Russ and Daughters entrou no meu mundo há uns dez anos. Um vexame.
Perdi os outros noventa e a casa de iguarias judias fica a cinco minutos da minha casa. Vai fazer 100 anos em 2014. Se incluirmos os anos que o criador Joel Russ vendia arenque num carrinho, são 106 anos de peixe em família.
Quando entrei lá pela primeira vez, um desconhecido me abordou e perguntou se queria trocar de camiseta com ele: "Negativo. A minha é mais bonita do que a sua e veio de longe."

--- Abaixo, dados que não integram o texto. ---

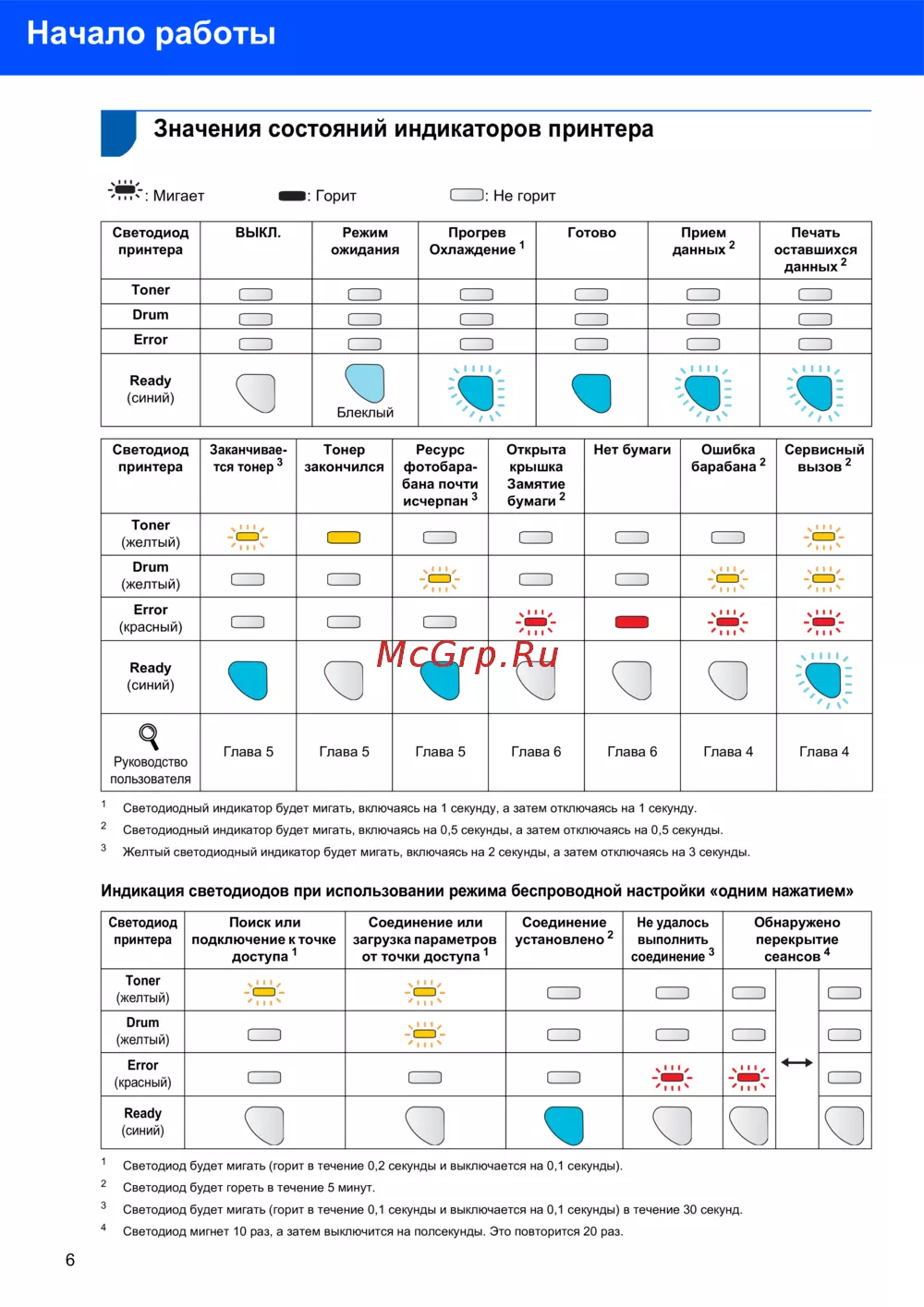 Brother HL-2150N — значения индикаторов принтера и их состояния [8/50]

A que ele oferecia era a camiseta da sua casa de "appetizers", e o que ele fazia era "schmooze", uma expressão ídiche que qualquer novaioquino conhece. A arte do encontro na base da conversa mole.
O "schmoozer" era Mark Russ Federman, na época o dono de Russ and Daughters Appetizers. A palavra "appetizers", que ninguém sabe explicar a origem, é importante porque distinguia a casa dele de uma delicatessen, onde vendiam carnes curadas e laticínios. As Delis não eram kosher.
As "appetizers" , no bairro judeu do Lower East Side, vendiam peixes, dezenas de tipos, defumados, curados com ou sem picles. Naquele começo de século, arenque e lox, que vem do alemao lachs, salmão, eram baratíssimos e campeões de venda.
Há poucos anos, o Sunday Times de Londres elegeu Russ and Daughters o "Louvre do Lox". Objetos e receitas da casa estão na Smithsonian Society, em Washington, que conta a história americana, e o chefe dos chefes, Anthony Bourdin, garante que é a mais importante instituição dos Estados Unidos, mais do que a estátua da Liberdade e o Empire State.
A casa cabe no guichê de venda de ingressos do Louvre. São mais ou menos sessenta metros quadrados e aviso: Não vá lá sábado nem domingo na hora do almoço, nem nas vésperas de feriados judeus. Você não consegue nem entrar, e pior, nem sair.
Quando o velho Russ chegou aos Estados Unidos, o Lower East Side era o maior gueto judaico do mundo e o bairro imundo era mais densamente povoado do que qualquer outra cidade. Os italianos tambem estavam lá, mas o primeiro plano de quem chegava era sair de lá.
Os Russ saíram mas a loja ficou no mesmo endereço e está na quarta geração.
As fotos dos antecessores estão nas estantes entre as latas de caviar, dos doces, das frutas secas. Há também fotos de celebridades, que chegam em limusines, pegam um número na máquina e esperam pela chamada, indistiguíveis e esfregados pela massa.
Há dezenas de casas de comidas judias em Nova York, a segunda maior cidade judia do mundo, perde para Tel-Aviv, mas aqui ou em Israel não há nada igual a Russ and Daughters.
Martha Stewart, a primeira-dama americana de mesa e jardim, ia lá com o pai aos domingos e hoje leva a filha para aprender, como ela, os diferentes tipos de salmão, arenques e caviar.
Mark Russ Federman acaba de lançar o livro Russ and Daughters , Reflexões e Receitas sobre a CASA QUE O ARENQUE CONSTRUIU(Russ and Daughters, Reflections and Recipes from THE HOUSE THAT HERRING BUILT). Ele não foi criado para suceder o pai. O plano da família era transformá-lo num bem sucedido advogado, o primeiro diplomado dos Russ. Deu certo.
Ele fez PHD e durante nove anos foi bem sucedido na firma, mas quando o pai adoeceu a opção era vender o negócio da família ou vender peixe. Lá foi ele para trás do balcão, durante 38 anos, até 2009 quando vendeu Russ and Daugther para a filha Niki e o sobrinho Joshua, ambos diplomados em ciências humanas. Dirigem a operação que hoje vende peixe pela internet para o mundo inteiro. Niki esta sempre a vista, o pai Mark aparece com frequência e schmooza.
Atrás do balcão há uma dúzia de parentes não sanguíneos dos Russ. Quem trabalha lá é "família". São de várias partes do mundo mas, além do inglês, o espanhol é a língua forte. Quase todos também falam ou entendem ídiche, até Chhape Sherpa Pinasha que nasceu nos Himalaias, só viu eletricidade aos 20 anos quando desceu da montanha. Foi guia de montanhistas e entre seus clientes vários eram de São Paulo.
Ele é conhecido como Sherpa Lox, já mereceu perfil no New York Times, é famoso pela habilidade de cortar as fatias mais finas de salmão defumado. Entre seus clientes está o produtor de cinema Robert Evans que gosta do salmão cortado tão fino, tão fino, que só tem um lado.